Há muitos. O primeiro é conjugar a fé com a vida social, política e as escolhas éticas. Os católicos, por exemplo, não veem nenhuma conexão entre fé e escolhas políticas. Eles as vivenciam como duas coisas paralelas. Isso é uma derrota. Devemos encorajar os leigos a se engajarem na política a partir de sua fé. Nós bispos temos um papel espiritual e moral, mas o empenho na política é dos leigos.
Devemos admitir humildemente que muitos fiéis não fazem escolhas com base no que aprenderam na igreja. Talvez também porque somos absolutamente incapazes de oferecer uma cura pastoral válida a todos. Na melhor das hipóteses, alcançamos a 20% dos católicos. E isso já é um enorme desafio. Nossos padres não podem fazer mais que isso. As Filipinas são um país de maioria católica, as igrejas estão sempre lotadas e as missas numerosas. No entanto, a maioria dos católicos não participa de forma alguma na vida eclesial e social.
O senhor também é muito empenhado na Federação das Conferências dos Bispos da Ásia (FABC), que se reuniu no último mês de outubro em Bangkok, na Tailândia, por ocasião do quinquagésimo aniversário da sua fundação. Quais são os temas centrais dessa Assembleia?
A Assembleia reafirmou seu compromisso de dialogar com os crentes de outras religiões, com as culturas e com os pobres.

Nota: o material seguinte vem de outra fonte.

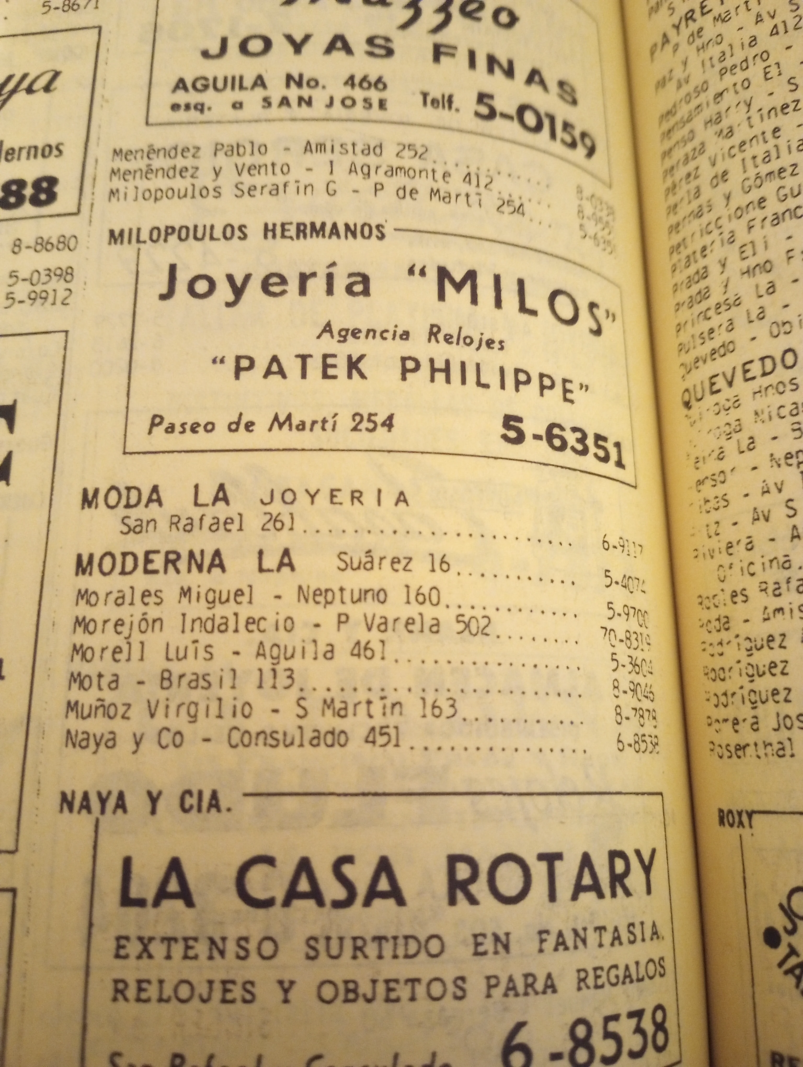 Hello everyone. My grandfather was Seraphim Gregorio Milopoulos. Owner of Joyeria Milos in Havana Cuba! My grandfather Seraphim was the Greek Ambassador to Cuba!
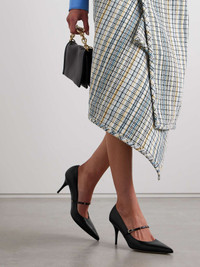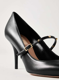 EDITORS'NOTES Valentino Garavani's Italian-made pumps incorporate the brand's 'Rockstud' embellishments in a minimal, elegant way. Modeled on traditional Mary Jane styles, they're crafted from soft leather and have sleek pointed toes. Adjust the buckled strap for a secure fit. SIZE & FIT - Fits true to size, take your normal size - Italian sizing DETAILS & CARE - Heel measures approximately 80mm/ 3 inches - Black leather (Goat) - Buckle-fastening strap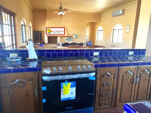 The kitchen has a great view window and peninsula shaped countertop looking on to the dining and living area with a wood burning fireplace. Step out to the grand palapa and mini kitchen for an outdoor dining experience. Inside the primary bedroom is a spacious is a grand master suite with his and her closets.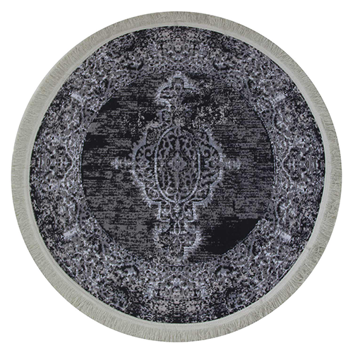 فرش شاهکار شفقی تبریز گرد 500 شانه کد 19215 زمینه طوسی (غیربرجسته)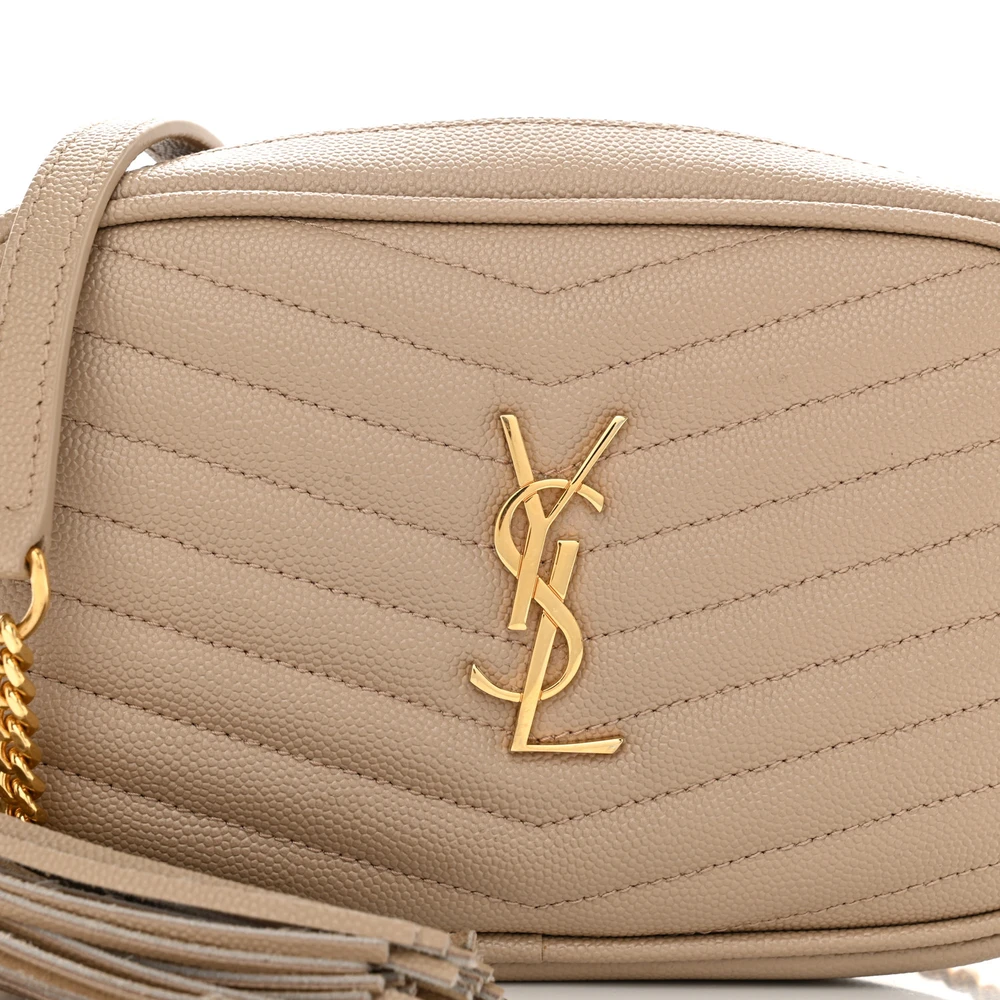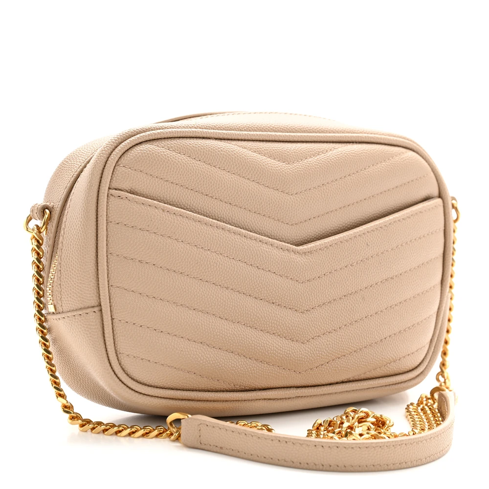This Mini Lou Camera Bag in Dark Beige features Monogram Grain De Poudre Matelasse Leather with gold hardware for an elegant touch. Its compact design includes a zippered compartment and card slots for convenience. The adjustable strap allows for versatile crossbody styling, making it ideal for on-the-go use. The luxurious texture and classic silhouette are complemented by the iconic YSL logo. A must-have for adding sophistication to your essentials.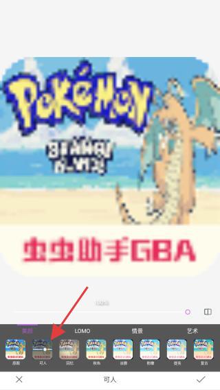 3、圖片導入后,底部會顯示美化分類標簽,如可人、LOMO、背景、藝術等,左右滑動可切換分類。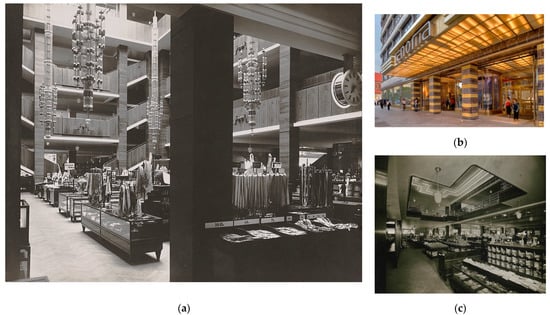 The building’s central courtyard was exceeding high, and the pilasters that formed it were clad in Muschelkalk stone (Figure 8b). Its glass roof had a simple, horizontal layout. The building had a majestic character, which was not disrupted by advertisements typically seen in such buildings. Here, they were confined to the store’s name placed above the entrance and on the towers. The sole colour-based accent of this monochromatic composition consisted of flags placed at the building’s top. The building had an illumination that highlighted the verticality of its facades and strongly accentuated the stepped tower pinnacles that were designed in the spirit of Art Deco. It should be added that this Karstadt store had an entire array of then-cutting-edge and unique technical solutions, such as an enormous rooftop strolling terrace with greenery and lanterns, as well as a U-Bahn station in its cellars ().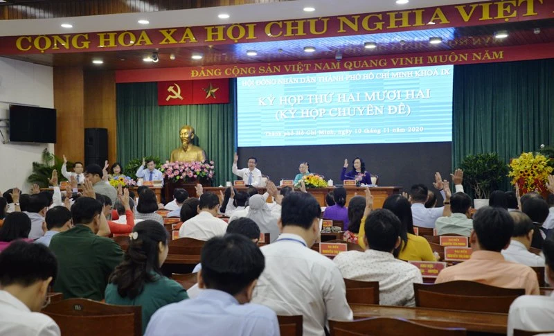 Các đại biểu HĐND TP.HCM thông qua việc tăng vốn ở 127 dự án và giảm vốn ở 26 dự án. Ảnh: TÁ LÂM

Aliás, acolhendo a proposta dos bispos coreanos, decidimos adotar a expressão "religiões dos nossos vizinhos" ou "do nosso próximo", em vez de "outras" religiões, inspirando-nos na parábola do bom samaritano.
Quais são os principais temas do documento final?
É um documento importante: celebra os 50 anos da FABC e traça as suas linhas futuras. Escolhemos um ícone evangélico: a história dos Magos para as cinco seções. Na primeira, intitulada “Observar” e inspirada nos Magos que perscrutam as estrelas, descrevemos as realidades da Ásia, especialmente aquela dos pobres, dos jovens e das mulheres. A segunda, “No caminho juntos”, refere-se à viagem dos Magos que saem da sua zona de segurança para seguir um objetivo. Perguntamo-nos: qual caminho comum?
A terceira, "Discernimento", refere-se à reação em relação às palavras de Herodes e dos sumos sacerdotes. Também nós bispos temos que lidar com autoridades políticas e religiosas e devemos praticar o discernimento. A quarta é “Oferecer os próprios dons”. Por fim, "Novos caminhos": como os Magos, impedidos de partir por Herodes, também as Igrejas da Ásia são chamadas a percorrer novos caminhos para responder a novos obstáculos e desafios.
Concluindo, considera que a presença dos missionários do PIME nas Filipinas ainda seja importante?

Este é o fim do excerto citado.